Although Andrew and former microbiologist Aaron Hemphill
met in LA (where Andrew studied photography
at art school), after a stay in New York the band relocated
to Berlin as a base for European touring.
Hemphill and Gross returned to LA soon after Drum's
Not Dead but Andrew stayed on in the German
capital, where the bulk of 'Liars' was recorded at
Planet Roc (sic) studios, a former East German radio
studio built in the 1950s by Bauhaus architect Franz
Ehrlich. After working on their songs separately in
Germany and the US, Liars convened at Planet Roc for
a fortnight in spanning New Year's Eve
2006/2007 to stitch together their ideas.
"Planet Roc was built as a broadcast facility
for radio and is in the old East Berlin so it has this
strange
communist vibe about it – but it feels liberating
to use it for the kind of means we're using it for.
But the
best thing about it is that it has loads of different
sized rooms and corners to record in – we ended
up
recording a drum pattern in a stairwell."
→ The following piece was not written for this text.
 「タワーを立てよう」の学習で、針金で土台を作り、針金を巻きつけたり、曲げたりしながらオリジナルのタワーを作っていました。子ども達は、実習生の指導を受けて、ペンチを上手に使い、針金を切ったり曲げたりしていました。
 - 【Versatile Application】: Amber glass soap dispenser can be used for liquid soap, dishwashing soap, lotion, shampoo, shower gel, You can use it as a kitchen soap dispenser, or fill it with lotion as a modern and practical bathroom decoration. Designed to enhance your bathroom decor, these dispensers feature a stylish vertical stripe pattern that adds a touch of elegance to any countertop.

"Sometimes we had two rooms – I'd be working
on one room and Aaron would be next door in the next
room working on his stuff. It can be quite frightening,
but Aaron and I have worked together for ten years
and we trust each other, even though sometimes we work
in total opposition to each other. Like for this
record our interests were different sonically: we were
both writing songs about freedom and teenage
melodrama, but I was interested in the bass and Aaron
was more into the high-end trebly stuff."
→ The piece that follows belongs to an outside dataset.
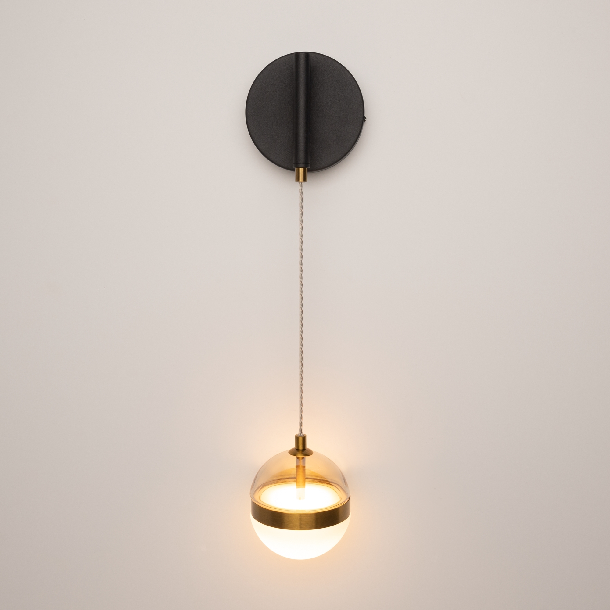 Черная потолочная чаша дополнена финишным антибликовым покрытием sandy, декоративный элемент плафона выполнен из металла цвета сатинированной латуни. Сочетание двух фактурных стекол в плафоне: нижняя полусфера из матового белого стекла для создания мягкого рассеянного света, верхняя часть плафона - из тонированного янтарного стекла. Внутри установлен LED-модуль, создающий равномерное освещение, направленное вверх и вниз. Цветовая температура – 3000К, угол рассеивания — 120°.

The band weren't balancing their interests alone, however:
a friend of Andrew's from Australia, Jeremy
Glover, played bass and helped record the album. "Jeremy
understood where we were coming from and
helped to craft the songs in the studio to help us
find that visceral edge we were searching for. We wanted
to make a record that would have the same impact on
people as hearing, like, the Ramones for the
first time did on us."
Their quest to connect on a more visceral level has
succeeded. Unlike, say, 2004's 'They Were Wrong,
So We Drowned', which boasted a fractured narrative
based on accounts of the Salem Witch Trials,
'Liars' is a set of songs only connected by the fact
that no other band around could make music like this.
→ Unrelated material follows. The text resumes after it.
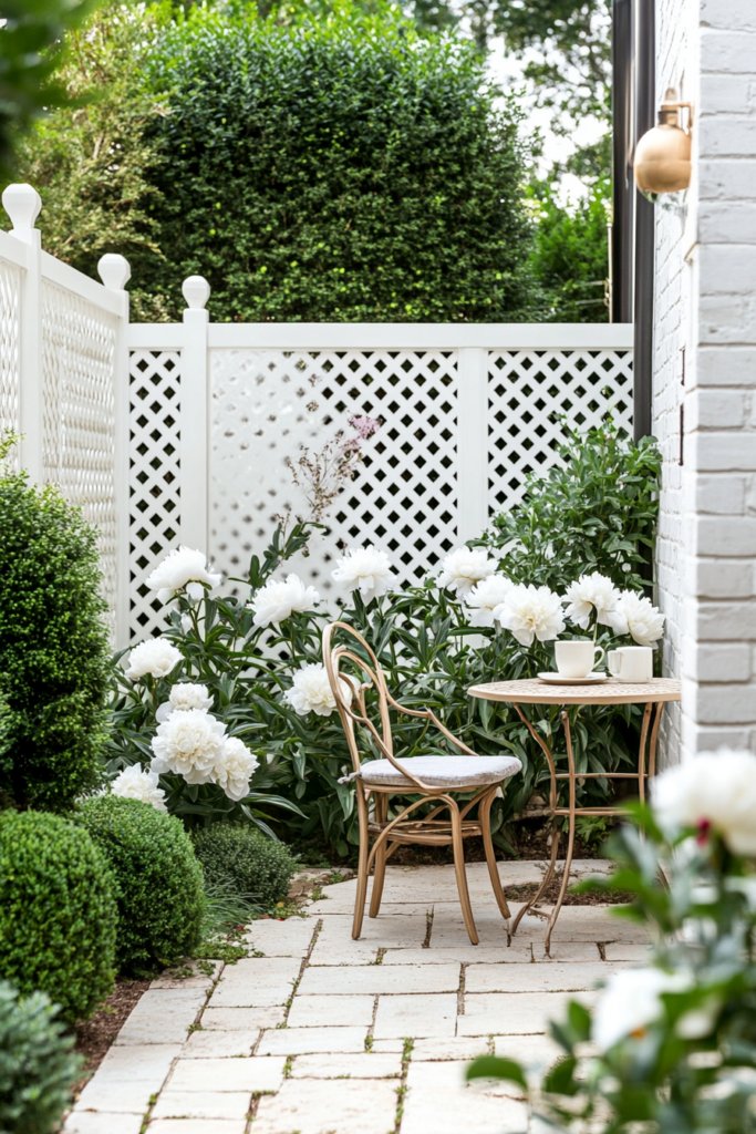 8. Micro Cottage Garden with a Small Lattice Fence and White Peonies

From the demonic football chant of 'Clear Island',
to 'Freak Out''s industrial Beach Boys loveliness,
the
metal-flavoured birth rite of 'Cycle Time' or 'Houseclouds''s
no-fi electro shuffle, this is an album that
manages to balance the old, experimentally-minded Liars
with an excitingly insidious new pop edge.
"Every record you learn a lot about what you can
do" says Angus, who moved back to LA after completing
the album. "With this one we've gone another step
towards making music. When we started the
band was more like a means of expression. Now it feels
like we're gaining control of a medium a bit
more. I feel I know at least in some sense about how
to connect with people now. Before it was a bit
more like an experiment, a stab in the dark."